The Longest Day of John Steele

The Longest Day of John Steele

(Revised and Edited)

Private John M. Steele (1912–1969) was the American paratrooper made famous in the movie, The Longest Day. He literally parachuted onto the roof of a church in Sainte-Mère-Église, the first village in Normandy liberated by the Americans on D-Day, June 6, 1944.

On the night of the D-Day invasion (June 5–6, 1944), American soldiers of the 82nd Airborne parachuted into the area west of Ste-Mère-Église in successive waves. The town had been the target of an aerial attack and a stray incendiary bomb had set fire to a house east of the town square. The church bell was rung to alert the town of the emergency and townspeople turned out in large numbers to form a bucket brigade supervised by members of the German garrison. By 0100hrs, the town square was well-lit and filled with German soldiers and villagers when two sticks (planeloads of paratroopers) from the 1st and 2nd battalions were dropped in error directly over the village.

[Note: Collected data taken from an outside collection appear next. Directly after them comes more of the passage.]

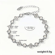 Add a touch of timeless elegance to your jewelry collection with this stunning stainless steel bracelet, featuring brilliant zircon stones arranged in delicate floral clusters. The bracelet combines durability with beauty, perfect for daily wear or special occasions. With an adjustable length of 6.2'' to 8.1'', it offers a perfect fit for most wrist sizes. Lightweight yet dazzling, this piece is a must-have accessory that blends classic charm with modern style.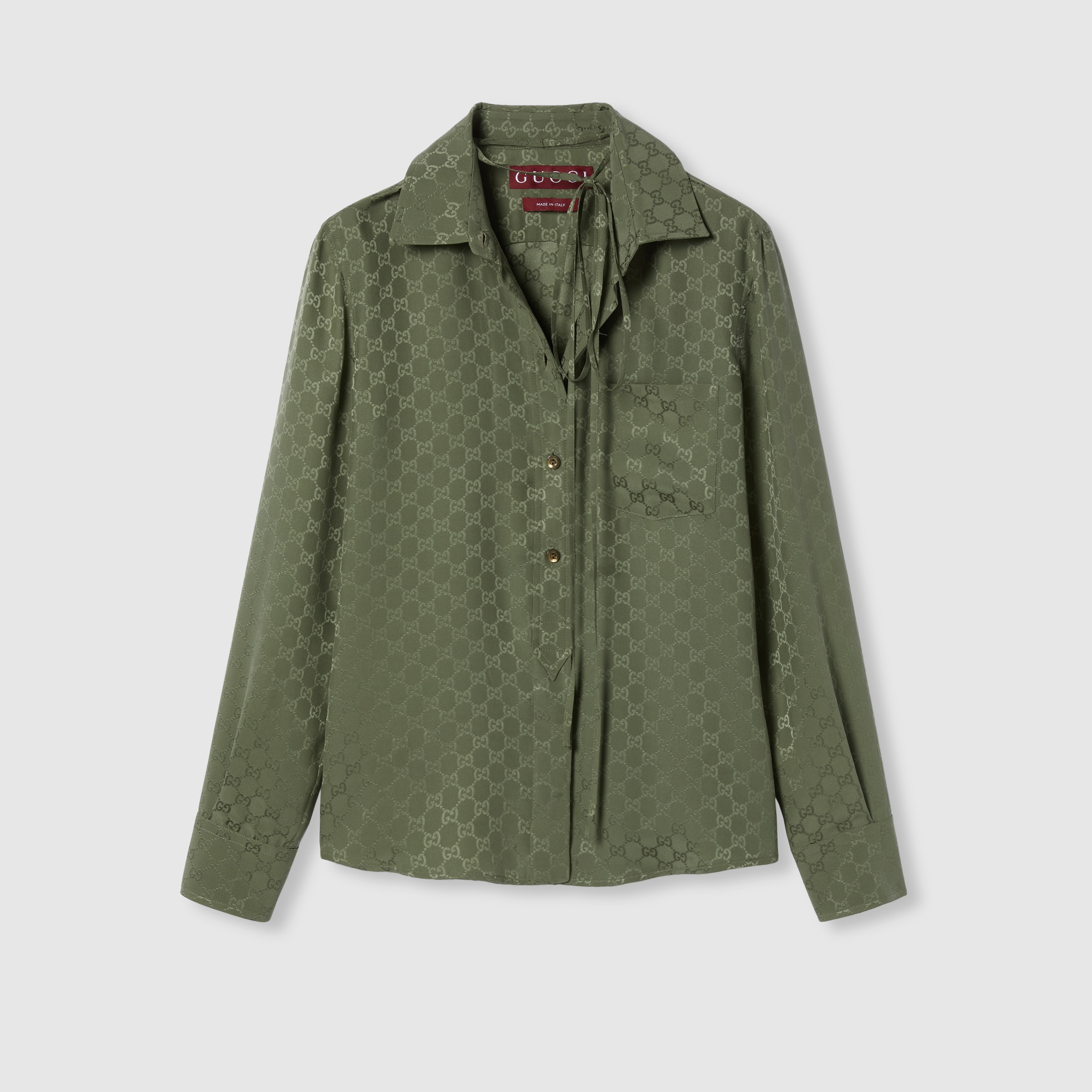 The Pre-Fall 2025 collection perfectly blends versatile textures and sophisticated detailing. Jacquard weavings and intricate embroideries evolve to reflect the changing seasons. This shirt is crafted from a refined GG silk jacquard and features a self-tie ribbon at the collar. - Dark green GG silk jacquard - Unlined - Point collar with self-tie ribbon - Breast pocket - Button closure - Made in Italy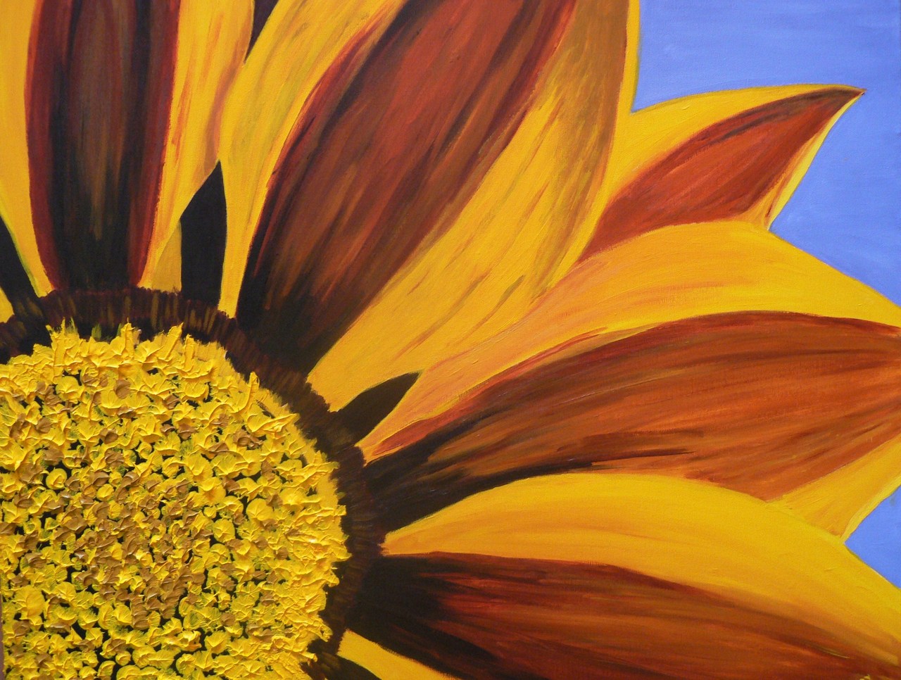 Mijn schilderijen zijn heel gevarieerd. Ik ga vaak op onderzoek uit naar verrassende exposities. Daar gebruik ik verschillende materialen voor en hoop dan een bijzondere structuur te krijgen. De schilderijen zijn vaak abstract en nogal kleurrijk. Verder hoop ik dat iedereen net zo veel plezier heeft met het kijken naar mijn schilderijen als dat ik heb gehad met het maken ervan.

The paratroopers were easy targets and Steele was one of only a few non-casualties. His parachute was caught on the steeple of the village church in Ste-Mère-Église, leaving him hanging from its roof-top to witness the carnage below. The wounded paratrooper hung there limply for two hours, pretending to be dead, before the Germans took him prisoner. Steele later escaped from the Germans and rejoined his division when US troops of the 3rd Battalion, 505 Parachute Infantry Regiment attacked the village, capturing thirty Germans and killing another eleven. For these actions and his wounds, Steele was awarded the Bronze Star for Valor and the Purple Heart for being wounded in combat.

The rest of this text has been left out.